ServiceMesh brings a lot of benefit into your micro services. Federating multiple meshes is something scaling beyond one cluster boundaries and still you are looking for a more flexible and scale able solution spawning more cluster ?
Well than let me tell you about a feature called Multi-cluster. Multi-cluster provides us a flexible way to federate two Kubernetes API endpoints for our ServiceMesh. With that we can utilize remote services as if they are deployed locally and even utilize those resources in case the local ones are not available.
Note, this Lab was able to be executed due to the great work of a colleague Jacek Ewertowski. Most parts are from his brilliant mind and have only be "colored" by me. Thanks Jacek for your great work on that topic !

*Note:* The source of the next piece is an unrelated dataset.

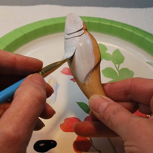 Dampen and blot an old toothbrush with clean water. Load the toothbrush bristles with white. Hold the fish in one hand and pointing the toothbrush towards your carving pull your thumb across the bristles. This will explode a mist of fine dots all over your carving.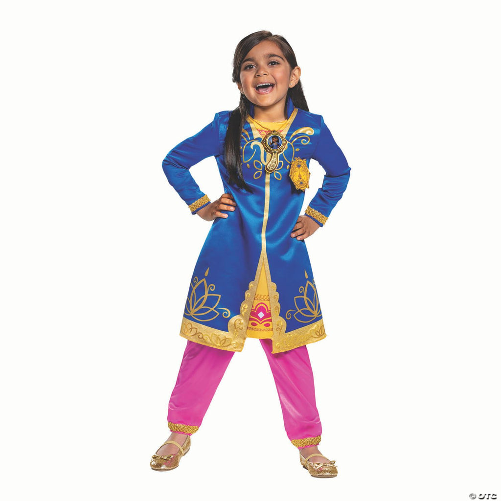 Your preschooler will have a magical time solving mysteries when dressing up as Mira, Royal Detective from the Disney Junior animated series! Travel through the magical kingdom of Jalpur to solve mysteries as the brave Mira! The Disney Mira Royal Detective Deluxe Costume features a knee length blue jacket with gold trim, pink pants with gold trim and a magnifying glass necklace with character cameo. Shoes not included.© Disney

The Lab requires you to have two OpenShift clusters. It is possible to use OpenShift Single Node clusters but I recommend to go with at least 24GB memory if you want to utilize the Service Mesh tools Grafana, Kiali, Prometheus, Jaeger. We create a context for each of the clusters named:
- east
- west
Further notice that the Lab is based upon Red Hat OpenShift 4.14. Feel free to use any other OpenShift version but ensure to adjust the versions of the Operators accordingly.
If possible select different Service/Podnetwork IP ranges to identify responses easier in later stages.
The Lab also is based on the base domain example.com as well as subdomains
- east.example.com
- west.example.com
References to those names need to be adjusted if you choose to use a different name accordingly.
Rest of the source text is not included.